Lord Farmer
Main Page: Lord Farmer (Conservative - Life peer)Department Debates - View all Lord Farmer's debates with the Home Office
(2 years, 6 months ago)
Lords ChamberMy Lords, the gracious Speech prioritises growing and strengthening the economy and helping to ease the cost of living for families. This will require strengthening families. The Centre for Social Justice established that family breakdown—divorce and separation, father absence and dysfunctional family relationships—is not just a consequence of financial hardship but drives poverty and financial stress. As well as leading to much emotional and physical harm and significant health costs, it undermines individuals’ productivity and creativity, which has a knock-on effect on the economy.
During the pandemic, parents who had never needed help with the practicalities of family life, as well as in their relationships with their children and each other, began to reach out to local services and charities because they were at breaking point. Their significant financial and other anxieties have not receded but increased. That is why, in the Government’s efforts to level up and support more people into work, their policy on family hubs is particularly important and needs cross-departmental collaboration. Family hubs help to ensure that children have the best start for life and help parents to get out of debt, address substance misuse and get into employment. They could support the separated families in which one-third of all children grow up, and of which almost two-fifths are involved in acrimonious court proceedings.
The levelling-up Bill will place a duty on the Government to set missions and produce an annual report on their delivery. Action for Children’s suggested measures for levelling up for children include investment in education and for a number of children who are school-ready. I would make requirements on the number growing up with both their parents, a regional version of the family stability indicator that was part of the Government’s social justice strategy. Nationally, around a quarter of families are headed by lone parents, where children are particularly at risk of poverty and disadvantage. In 2013, the CSJ took the most local view possible and published an analysis of lower super output areas across England and Wales. Ranking all LSOAs by levels of lone parenthood, the top area had 75%, and in the top 10 the proportion was around 66%. Others, such as the Commission on Race and Ethnic Disparities, acknowledge such differences in family structure among factors driving inequality of children’s outcomes.
Reducing regulation on businesses must include farming. Freedom from European regulation may have come in the nick of time, because our farms must perform to the max, given the ugly spectre of world famine that stalks the war in Ukraine. Agricultural innovation is urgently needed to build a more sustainable future but, in the developing global food crisis, particularly for grain, the Government must prioritise food production instead of imposing any new restrictions—for example, on fertilisers and pesticides.

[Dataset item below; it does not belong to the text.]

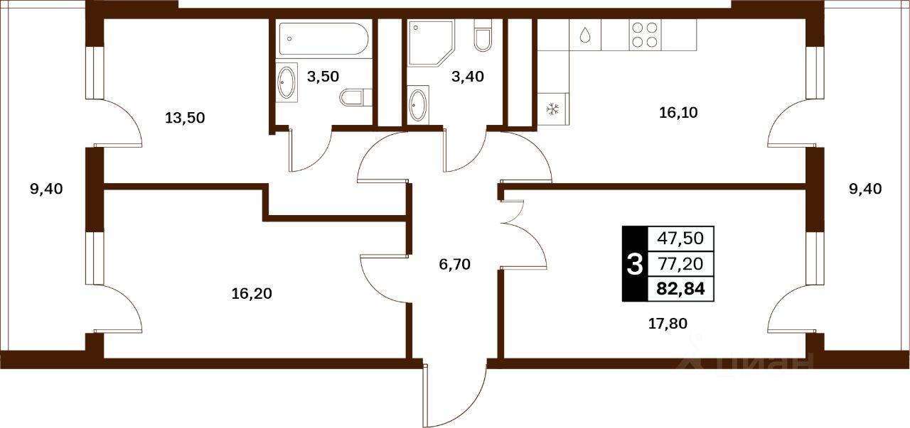 82 м² · Этаж 12 из 14

Turning to justice and home affairs, I very much applaud the speech of the right reverend Prelate the Bishop of Gloucester, who talked about prevention upstream and downstream. Numbers of victims will continue to increase and streets will not be safer unless crime is prevented, including by improving rehabilitation. Considerable attention is paid to the plight of women in the criminal justice system. My review pointed to the abuse and violence many have suffered as potent criminogenic factors. A similar narrative would fit the reality of many men and boys in trouble with the law, but no one is articulating it. There are roughly 77,000 men and 3,800 women in prison—a stark difference. Yet, given our swollen male prisons, this is an area where significant changes are needed.

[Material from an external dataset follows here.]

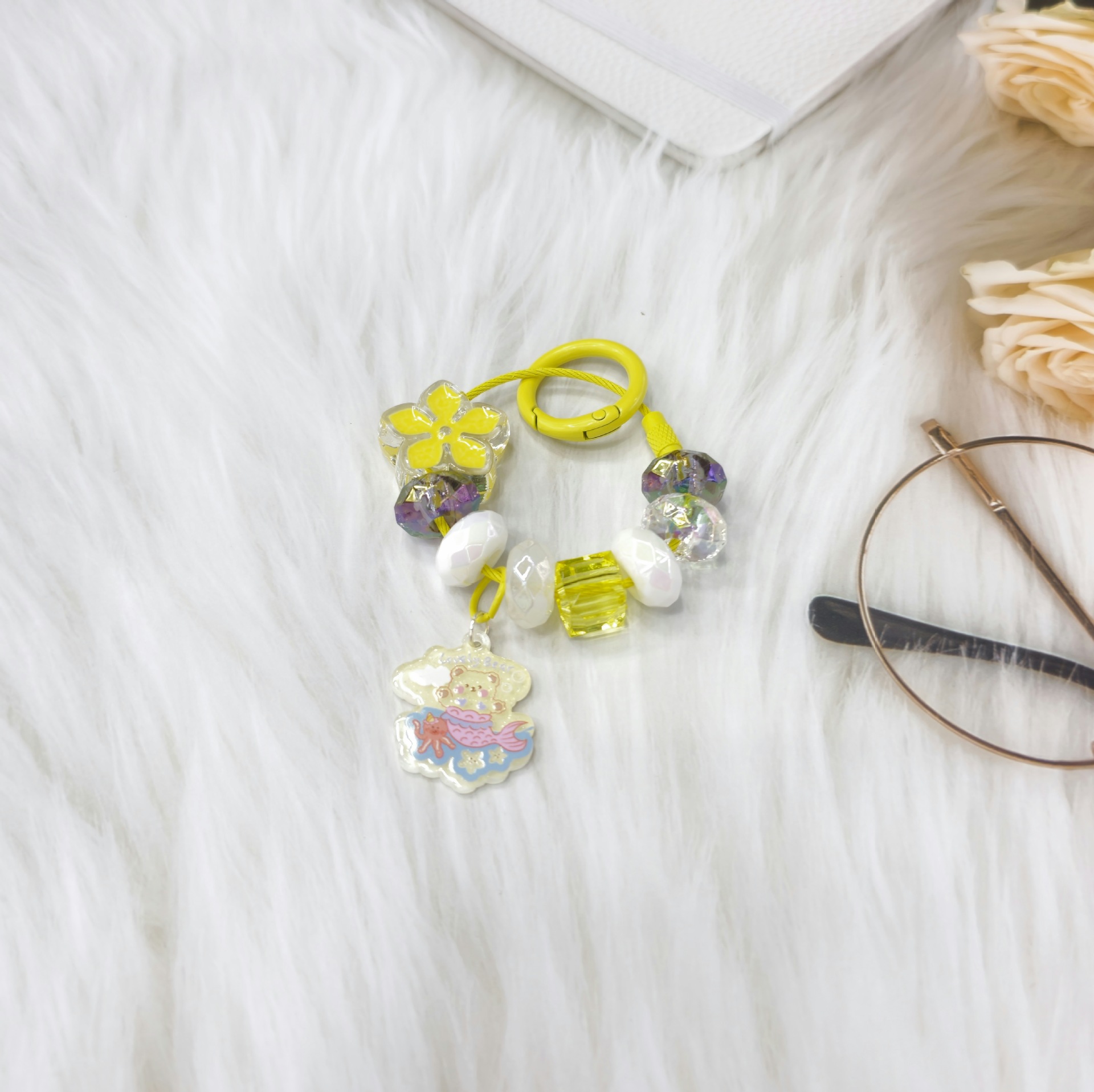 这款产品描述的颜色是花和圆形扣的颜色,其他均随机搭配颜色,下面的卡通吊坠也是随机搭配的,如果介意的亲慎拍!

On criminalisation, the Government should tread very carefully—I am backing my noble and learned friend Lord Mackay here—when introducing an offence spanning non-physical conversion therapies intended to change sexual orientation. The Government will need to be crystal clear what they mean by “conversion” and “therapy”, so that when under-18s explore their sexuality with their parents, or perhaps a youth leader in a faith organisation, such people who are sincerely motivated by young people’s welfare are not unintentionally criminalised. A wide spectrum of responses exists between unquestioningly affirming their sexual orientation and rejecting it out of hand. Treating young people’s transgender issues separately is right, but many of the same concerns are relevant to sexual orientation and should not be batted away as homophobic.

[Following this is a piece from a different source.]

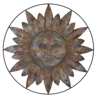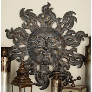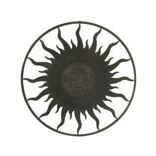 Sale36-inch Diameter Global Inspired Distressed Bronze Textured Iron Celestial Sun Wall Sculpture

Finally, much has been said about the Online Safety Bill and that it might curtail freedom of speech. However, there is much disquiet about children’s and young people’s access to pornography. Moreover, responses to “tractorgate” in the other place reveal how adults, as well as children, suffer when abusive, violent, misogynistic and racist porn is prolific because it is so addictive. As with gambling, libertarian arguments sound very hollow when the utter human misery associated with porn addiction becomes apparent, from the inability to form relationships and/or perform sexual functions because of its effects, to the social isolation and financial burden. This is not about making moral judgments, but recognising insidious and very real harm.